A tool must be intuitive enough to gain popularity in the current UGC ecosystem and to fulfill the universal need for free creation and self-expression. If we take the difference in AI knowledge ("proficiency") and access to computing power ("flops") into account, then this is a new inequality problem the research and development community must shed light on.

And I sympathize with such inequality.

During my social practice in Jingdong, Yunnan in June 2021, I led my team in researching the local food industry. Thanks to the refreshing environment in the mountains, agricultural products like tea and mushrooms were of extraordinary quality, but the locals had no experience in advertising. Thankfully, two years later, large models such as Ernie (by Baidu Inc.) that automate video generation are coming to the rescue, empowering individual businesses to produce compelling advertisements and boost sales.
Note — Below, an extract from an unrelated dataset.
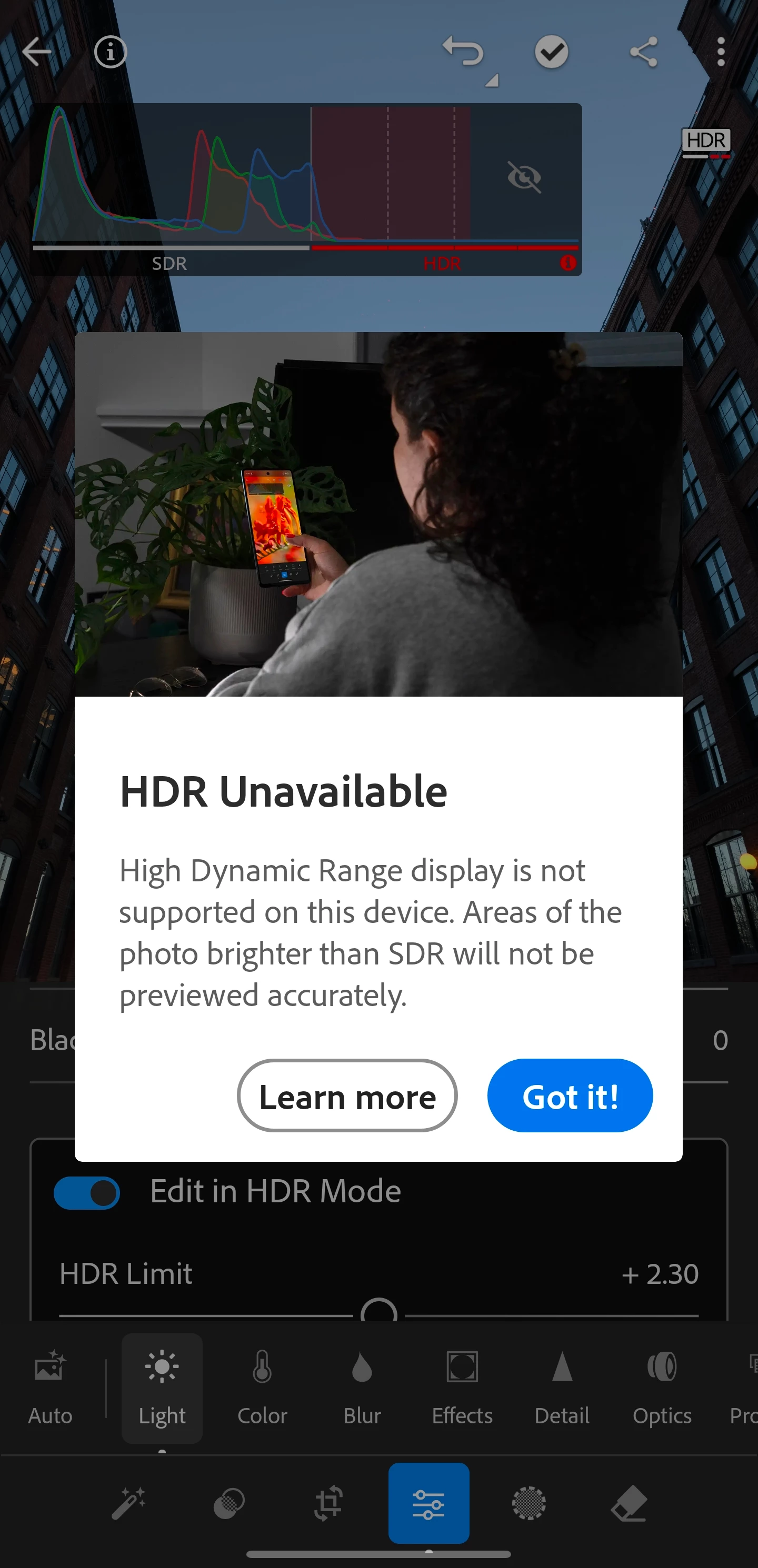 P: Lightroom mobile v11.2.3 on Samsung Devices HDR Editing becomes unavailable when Adaptive or Extra Brightness is enabled

It amazes me how my attitude toward large models has transformed in the last year.

I once regarded them as a threat to humanity’s monopoly of zero-to-one creativity, but eventually realized their artistic value of automating the mundane parts and providing a twerk just outside a composer’s comfort zone to boost freshness. More importantly, an intuitive, human-oriented, and publicly available generative model might be a solution to the inequality in digital proficiency.

I will continue to fight for social equality in my own way, and I hope my research in the graduate years will empower everyone to create, express, and thrive.

Ziyuan Chen

December 2023

Let it be code or music, do it like you never did before.